To consider and if thought fit, to pass the following resolution as a Special Resolution:

"RESOLVED THAT pursuant to the provisions of Section 10 of the Insolvency and Bankruptcy Code, 2016 (the "IBC"), The Insolvency and Bankruptcy Board of India (Insolvency Resolution Process for Corporate Persons) Regulations, 2016, and other applicable provisions of the Companies Act, 2013, and the rules and regulations made thereunder (including any statutory


modification(s), amendment(s), re-enactment(s) or substitution(s) thereof for the time being in force), the consent and approval of the Members of the Company be and is hereby accorded to the Board of Directors (hereinafter referred to as the "Board", which term shall be deemed to include any Committee thereof) to initiate the Corporate Insolvency Resolution Process (CIRP) in respect of the Company by filing an application before the Bengaluru Bench of The Hon'ble National Company Law Tribunal (the "Adjudicating Authority"), on account of the Company's inability to pay its debts and the defaults committed in respect thereof.

RESOLVED FURTHER THAT the Board be and is hereby authorized to take all such steps as may be necessary, proper, or desirable to give effect to this resolution, and in its absolute discretion, to do all such acts, deeds, matters, and things, and to settle any question, difficulty, or doubt that may arise in this regard, including but not limited to:

a) Preparing and filing the application in the prescribed Form 6 under the IBC and the rules and regulations framed thereunder, along with all necessary annexures, documents, affidavits, and undertakings before the Adjudicating Authority;
b) Appointing and fixing the remuneration of an Interim Resolution Professional, as may be required under the provisions of the IBC, and to engage legal counsel, advisors, valuers, and other professionals to represent the Company in the said proceedings;
c) Making all necessary disclosures, representations, and submissions to the Adjudicating Authority, regulatory bodies, stock exchanges, and any other relevant authorities as may be required;
d) Executing and delivering any and all such documents, including but not limited to petitions, applications, vakalathamas, affidavits, declarations, and undertakings on behalf of the Company; and
e) Generally, to do all such other and further acts, deeds, and things as may be necessary or incidental to the implementation of the foregoing.

RESOLVED FURTHER THAT Mr.

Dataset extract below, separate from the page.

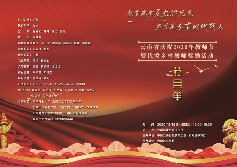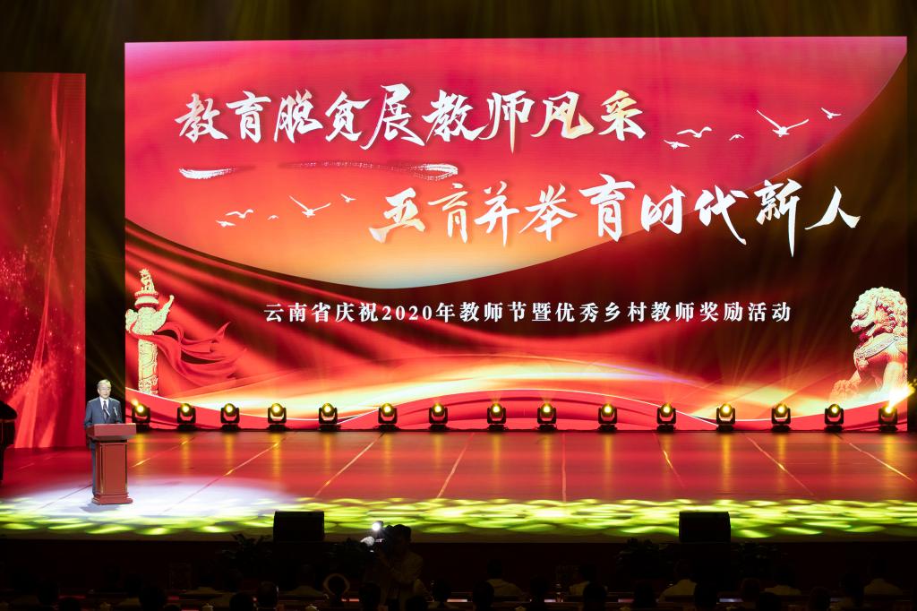 2020年9月9日,由中共云南省委教育工委、云南省教育厅主办,买球投注官方网站承办的“云南省庆祝2020年教师节暨优秀乡村教师奖励活动”在昆明海埂会堂隆重举行,活动向全省广大教师、教育工作者和离退休教师致以节日的问候和美好的祝愿。

Ranganathan Venkatraman (DIN: 01247305), Chairman and Managing Director and Mr. Vishwamurthy Phalanetra (DIN: 01247336), Whole Time Director and Chief Financial Officer of the Company be and are hereby jointly and severally authorized to sign and file the aforesaid application and all other necessary documents, pleadings, and papers in connection with the initiation of CIRP, and to represent the Company before the Adjudicating Authority and any other forum or authority in this regard."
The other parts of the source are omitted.